The flag of Penang consists of three vertical bands and an areca-nut palm on a grassy mount in the centre. All three bands are of equal width. From left to right, the colour of each band is light blue, white and yellow.

The colours of the flag are derived from the tinctures of the coat of arms of Penang granted by King George VI in September 1949. Light blue denotes the sea that surrounds Penang Island, white represents peace and yellow for the prosperity of the state.

The areca-nut palm, known as pokok pinang in Malay, symbolises the tree from which Penang got its name. The tree and its grassy mount is centred within the middle white band.

The flag was slightly modified to its present form in 1963 by removing a torse of blue and white at the bottom of the grassy mount.

==History==
Penang did not have its own flag under the rule of the Sultanate of Kedah, prior to the arrival of the East India Company in 1786. The first known representation of Penang on a flag was as one of the three crowns on the flag of the Straits Settlements in use between 1877 and 1946. Following the dissolution of the Straits Settlements and the admission of Penang as a Crown colony within the Malayan Union, there appears to be little clarity as to what flag Penang used between the Straits Settlement dissolution in April 1946 and the eventual adoption of a blue ensign defaced by the 1949 arms. This would be replaced with final flag of the Crown colony was a blue ensign, defaced with a flag badge (Note: A flag badge refers to the emblem on British colonial flags identifying the colony.) depicting the areca nut palm, adopted as of the 17 June 1952 by the Settlement Council.

In the months preceding Malayan independence, the Settlement Government announced a competition on 17 May 1957 to design a new state flag for Penang. The winner, a C.K. Fook of 434, Chulia Street, was awarded $500 for his design on 20 August. The final modified design differed on the shade of blue submitted by Fook, but it was decided to award the prize to him regardless.

The new state flag of Penang was raised at noon on 30 August 1957 at the Padang (Note: The Sunday Standard reported that the "state flag" was flown during the ceremony. The same newspaper referred to the flag representing Malaya as the "federation flag".) in the presence of the new governor Raja Uda and the last resident commissioner Robert Porter Bingham. That evening, the Union Jack was lowered for the final time at 6:45 pm near Fort Cornwallis, George Town, marking the end of 171 years of British rule.

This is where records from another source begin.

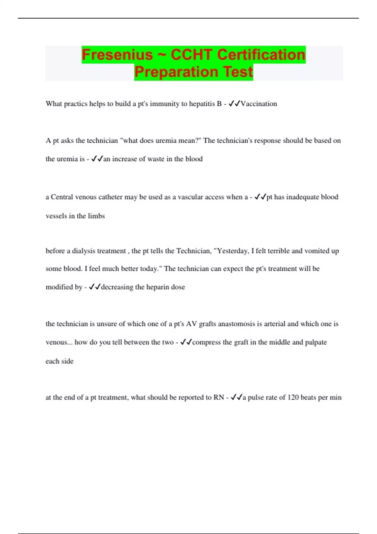 Fresenius ~ CCHT Certification Preparation Test | Questions with 100% Correct Answers | Latest Update 2024 | Verified
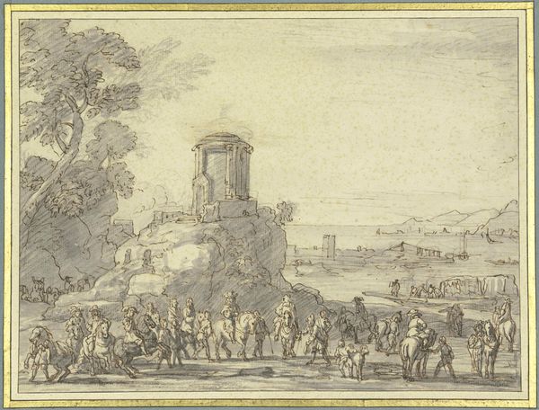 Curator: This is "A Fair" by Michael Angelo Rooker. It is currently held in the Tate Collections. Editor: It’s quite murky, isn’t it? Almost monochromatic with that brown wash. The crowd seems agitated. Curator: Rooker, born in 1746, was known for his topographical drawings and engravings. The dimensions are 305 by 487 millimeters. It looks like he might have been experimenting with conveying a sense of movement. Editor: I wonder if the artist consciously highlighted social tensions through his artistic practice by depicting communal gatherings? What is he trying to tell us about the state of society? Curator: The execution points to a process of layering and perhaps a deliberate emphasis on the material qualities of the pigments and the support itself. Editor: I find myself pondering the narrative implications within this seemingly simple market scene. There is a palpable sense of unease. Curator: It’s fascinating how different viewpoints can shape our interpretation. Editor: Indeed, it provides another perspective on fairs and gatherings.
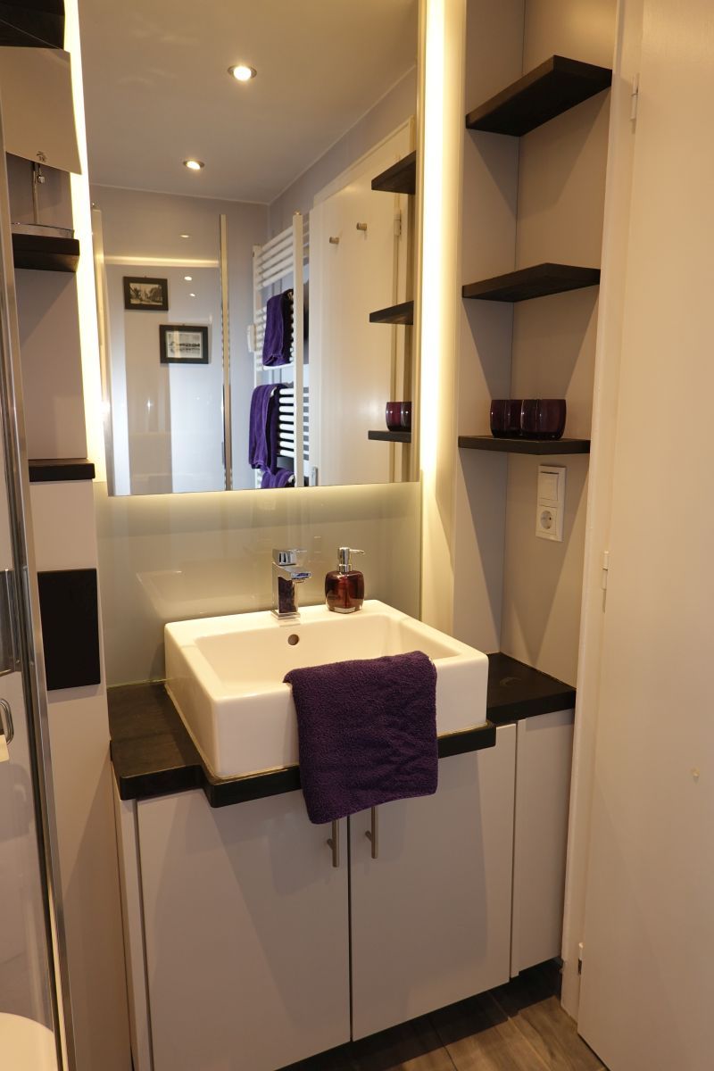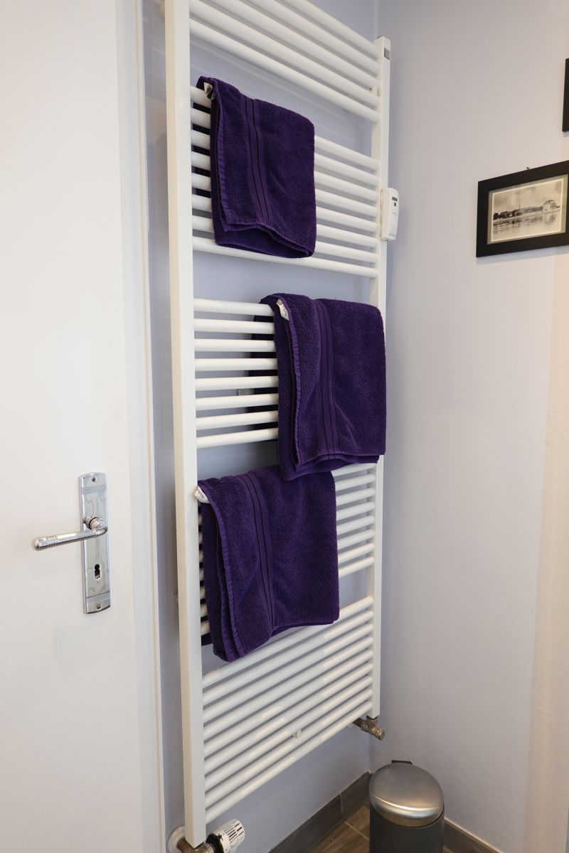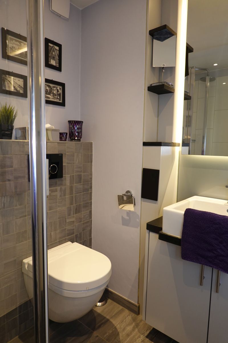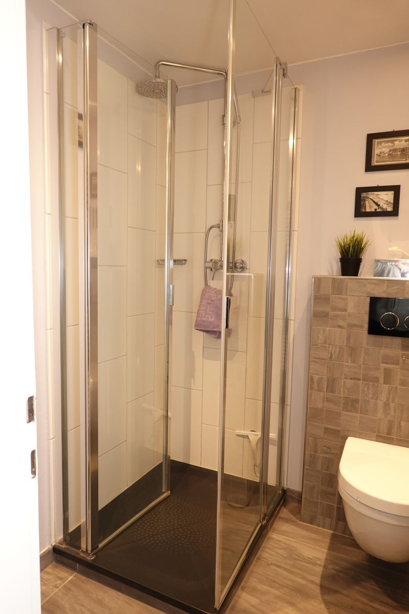 Das Badezimmer ist modern und praktisch gestaltet mit einer bodengleichen Dusche, WC, Waschbecken und einem Haartrockner. Zudem steht Ihnen die Möglichkeit zur Verfügung, die Gemeinschaftseinrichtungen wie Waschmaschine und Trockner in Anspruch zu nehmen.

On 24 December 1957, nominated member Koh Sin Hock told the State Council that the flag's areca-nut palm did not resemble a real one, likening it to a coconut palm, and that he hoped a more realistic depiction could be used instead.

== Historical flags ==

Flag: Duration; Political Entity; Description
1868-1874; Straits Settlements; Adopted when Penang was part of the Straits Settlements.
1874-1904
1904-1925
1925-1946
1946-1949; Crown Colony of Penang; Identical to the Union Jack.
1949-1952; In use following the 1949 grant of arms
1952-1957; Flag badge depicting the areca nut palm tree leaved and fructed proper on a mound with a wreath of the colours of the settlement arms adopted on 16 June 1952 by the Settlement Council.
1957−1959; State of Penang; Another variant of the State Flag of Penang.

== City council flags ==

Penang is divided into two local governments. The Penang Island City Council administers Penang's capital city, George Town, and the rest of the island, while the Seberang Perai City Council governs Seberang Perai on the mainland of the Malay Peninsula.

| Local government | Penang Island City Council | Seberang Perai City Council |
|---|---|---|
| Flag |  |  |
| Municipality | George Town | Seberang Perai |

Previously, the city of George Town also had its own flag, which dated back to the grant of city status to the George Town City Council in 1957. The city council was eventually merged with the Penang Island Rural District Council in 1974 to form the Penang Island Municipal Council, which subsequently became the Penang Island City Council in 2015.